• _INPUT FOR THIS TASK_
○ ○ ○ ○
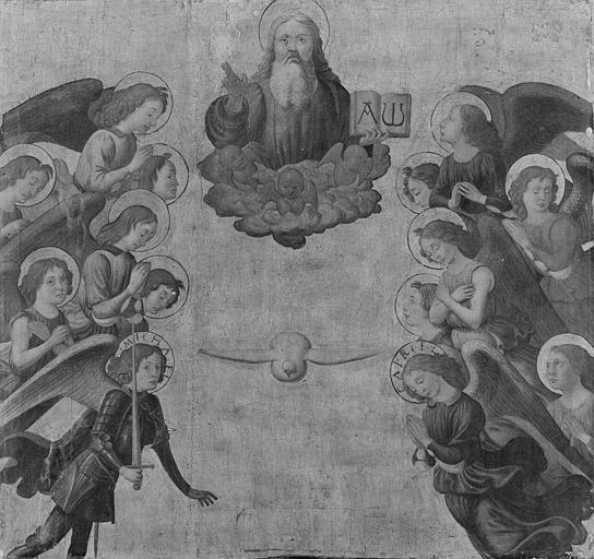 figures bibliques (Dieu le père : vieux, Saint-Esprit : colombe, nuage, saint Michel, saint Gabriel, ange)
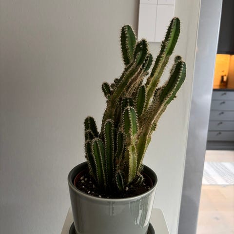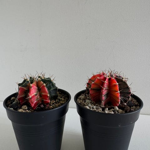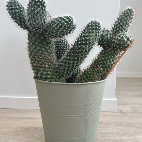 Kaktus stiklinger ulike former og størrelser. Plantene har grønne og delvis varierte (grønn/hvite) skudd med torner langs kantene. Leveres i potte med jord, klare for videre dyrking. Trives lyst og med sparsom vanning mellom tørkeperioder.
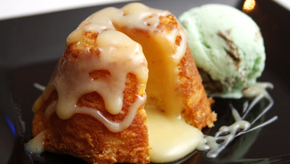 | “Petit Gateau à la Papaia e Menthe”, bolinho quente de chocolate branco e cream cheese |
○ ○ ○ ○
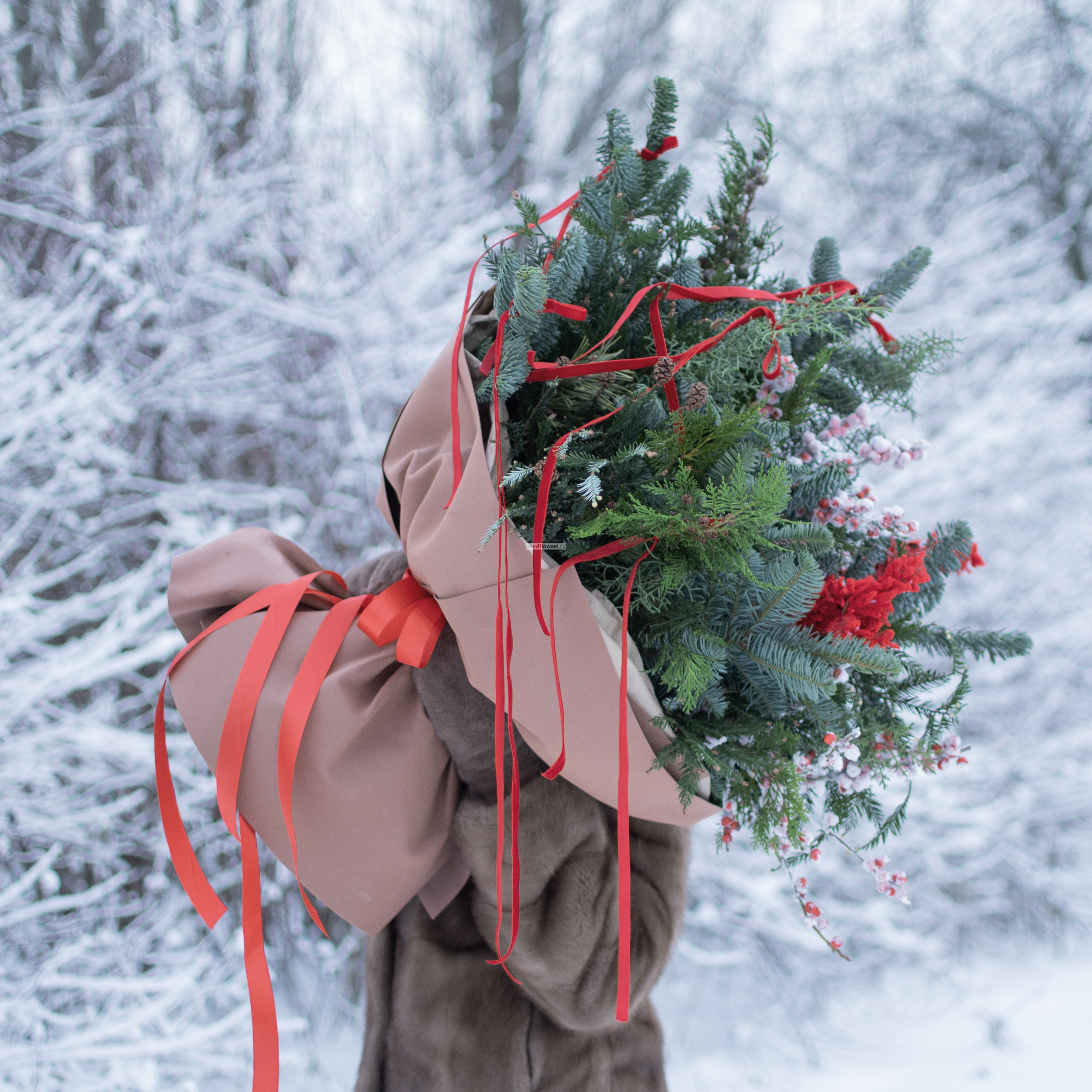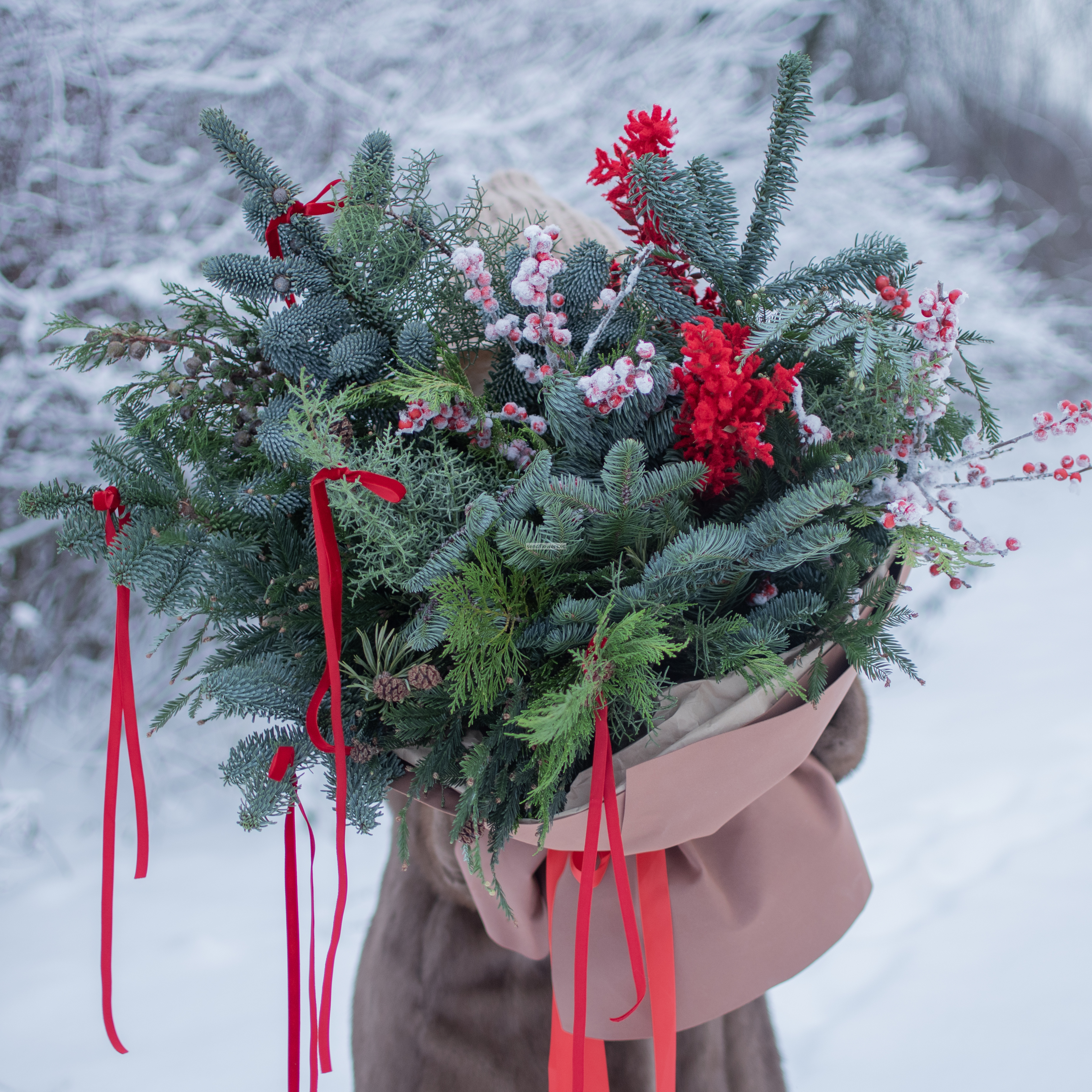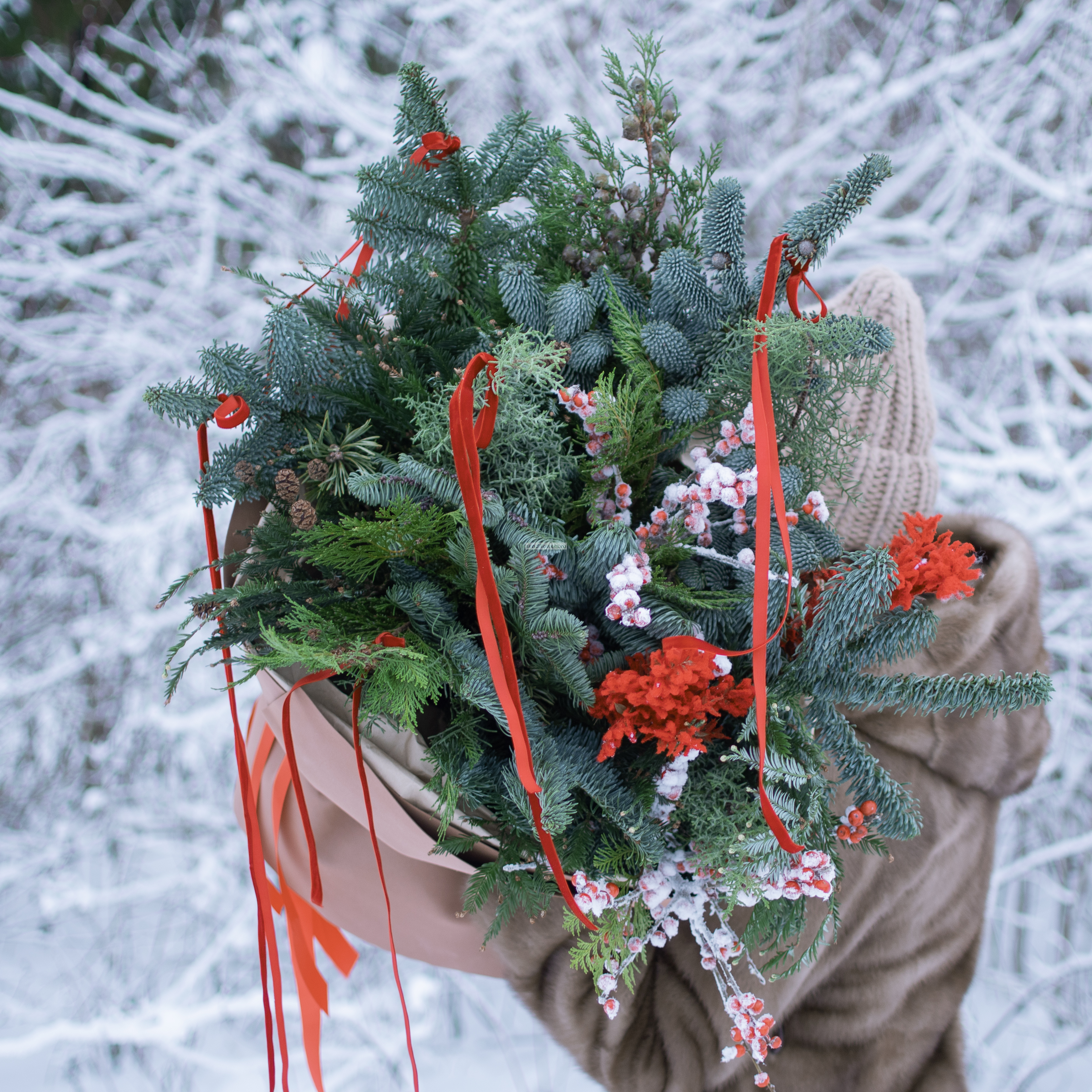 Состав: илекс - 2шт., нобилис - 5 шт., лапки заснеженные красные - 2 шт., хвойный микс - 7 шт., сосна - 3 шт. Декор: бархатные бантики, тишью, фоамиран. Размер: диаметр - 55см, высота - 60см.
○ ○ ○ ○
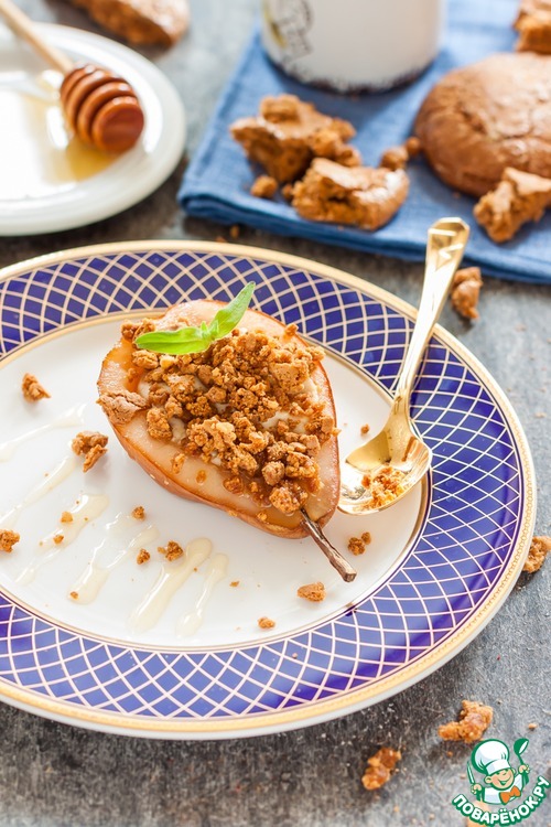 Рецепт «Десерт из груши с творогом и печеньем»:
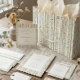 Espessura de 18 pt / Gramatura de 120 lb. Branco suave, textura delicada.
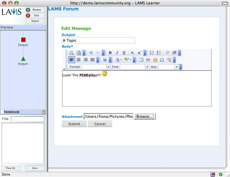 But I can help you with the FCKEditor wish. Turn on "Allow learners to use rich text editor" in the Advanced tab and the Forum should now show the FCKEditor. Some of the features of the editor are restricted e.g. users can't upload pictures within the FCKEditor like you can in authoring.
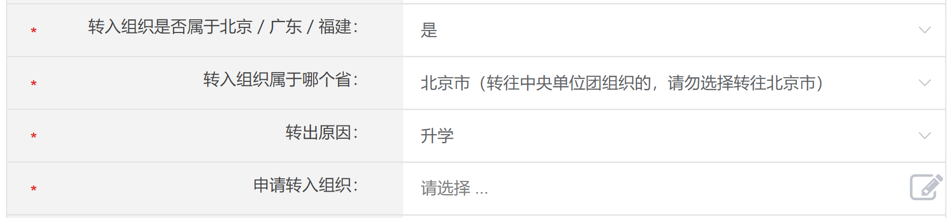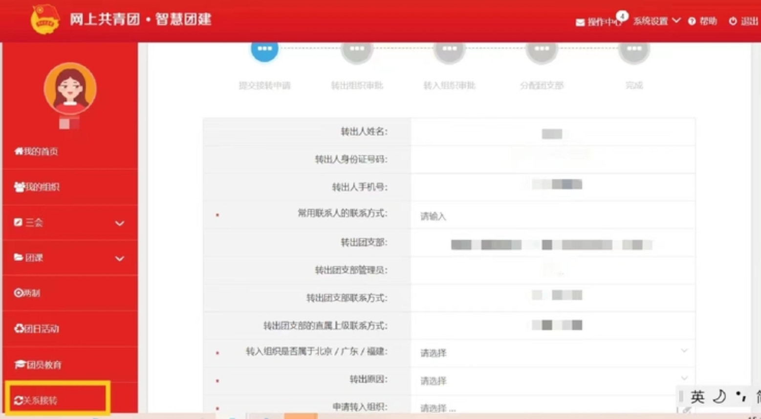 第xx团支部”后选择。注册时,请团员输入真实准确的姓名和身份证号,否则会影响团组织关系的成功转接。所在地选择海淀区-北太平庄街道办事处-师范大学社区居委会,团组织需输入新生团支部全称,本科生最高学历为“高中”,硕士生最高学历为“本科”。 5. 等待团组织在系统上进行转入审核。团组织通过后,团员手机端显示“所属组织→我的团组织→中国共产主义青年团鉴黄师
○ ○ ○ ○
• _YOUR ASSIGNMENT_
Copy out exactly the material that runs from the line with "груши с творогом" to the line with "But I can help", ends included, and leave the pictures behind.

• _SOLUTION FOR THIS TASK_
 Рецепт «Десерт из груши с творогом и печеньем»:
 Espessura de 18 pt / Gramatura de 120 lb. Branco suave, textura delicada.
 But I can help you with the FCKEditor wish. Turn on "Allow learners to use rich text editor" in the Advanced tab and the Forum should now show the FCKEditor. Some of the features of the editor are restricted e.g. users can't upload pictures within the FCKEditor like you can in authoring.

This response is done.